---
base_model: google/gemma-3-270m-it
tags:
- medical
- healthcare
- chain-of-thought
- cot
- reasoning
- sft
- lora
- unsloth
- gemma
- gemma-3
- long-context
- transformers
license: apache-2.0
language:
- en
pipeline_tag: text-generation
datasets:
- FreedomIntelligence/medical-o1-reasoning-SFT
---
# Medical-Diagnosis-COT-Gemma3-270M
**Alpha AI (www.alphaai.biz)** fine-tuned Gemma-3 270M for **medical question answering with explicit chain-of-thought (CoT)**. The model emits reasoning inside ` ... ` followed by a final answer, making it well-suited for research on verifiable medical reasoning and for internal tooling where transparent intermediate steps are desired.
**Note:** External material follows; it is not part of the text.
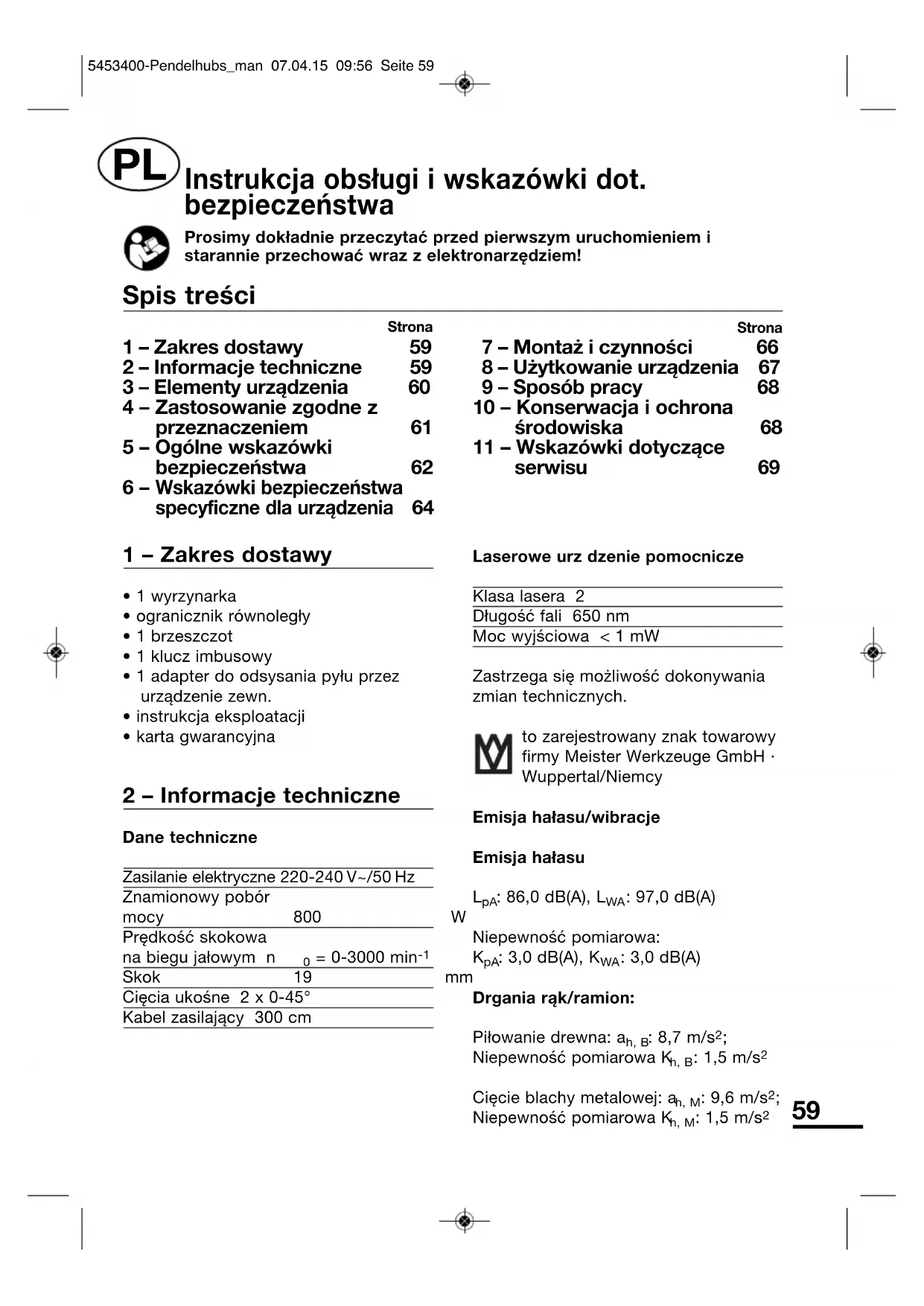 - 1 wyrzynarka• ogranicznik równoległy• 1 brzeszczot• 1 klucz imbusowy• 1 adapter do odsysania pyłu przezurządzenie zewn.• instrukcja eksploatacji• karta gwarancyjna 2 – Informacje techniczne Dane techniczneZasilanie elektryczne 220-240 V~/50 HzZnamionowy pobórmocy 800 WPrędkość skokowana biegu jałowym n = 0-3000 min Skok 19 mmCięcia ukośne 2 x 0-45°Kabel zasilający 300 cmLaserowe urz dzenie pomocniczeKlasa lasera 2Długość fali 650 nmMoc wyjściowa < 1 mWZastrzega się możliwość dokonywaniazmian technicznych.to zarejestrowany znak towarowyfirmy Meister Werkzeuge GmbH ·Wuppertal/NiemcyEmisja hałasu/wibracje Emisja hałasu

> ⚠️**Not for clinical use.** This model is a research system, not a medical device. Do not use it for diagnosis or treatment decisions.
---
## TL;DR
* **Base**: `google/gemma-3-270m-it` (Gemma 3, 270M params). Access requires accepting Google’s Gemma license on Hugging Face.
* **Data**: `FreedomIntelligence/medical-o1-reasoning-SFT` (`en` split; columns: `Question`, `Complex_CoT`, `Response`).
* **Training**: SFT with LoRA via Unsloth; assistant-only loss; sequences templated in Gemma-3 chat format.
* **Objective**: Produce `…` (reasoning) + final answer.
---
## Intended Use & Limitations
**Intended use**
* Research on medical reasoning, CoT interpretability, prompt engineering, dataset curation.
* Internal assistants that require visible reasoning traces (to be reviewed by humans).
**Out of scope / limitations**
* Not a substitute for clinician judgment; may hallucinate facts.
* No guarantee of guideline adherence (e.g., UpToDate/NICE/ACOG).
* Biases from synthetic/derived training data will propagate.
Dataset license is **Apache-2.0**; the base model is covered by **Google's Gemma license**, review these before use.
---
## Model Details
* **Model family**: Gemma 3 (270M).
* **Context window**: Gemma 3 supports up to **128K tokens** (practical context used during SFT was lower due to GPU limits).
* **Architecture**: decoder-only causal LM (Gemma family).
* **Fine-tuning**: Parameter-Efficient Fine-Tuning (LoRA) using Unsloth.
---
## Data
**Source**: `FreedomIntelligence/medical-o1-reasoning-SFT` + Human annotated and filtered medical diagnosis data
* English subset (`en`): \~19.7k rows with fields **`Question`**, **`Complex_CoT`**, **`Response`**. Total dataset ≈ 90,120 rows across splits/languages.
* Built for advanced medical reasoning; constructed with GPT-4o and a verifier on **verifiable medical problems**. See dataset card and paper.
* Human annotated data ~ 10k rows with similar fields.
**Preprocessing**
* Each row rendered to a chat conversation under the **Gemma-3** template.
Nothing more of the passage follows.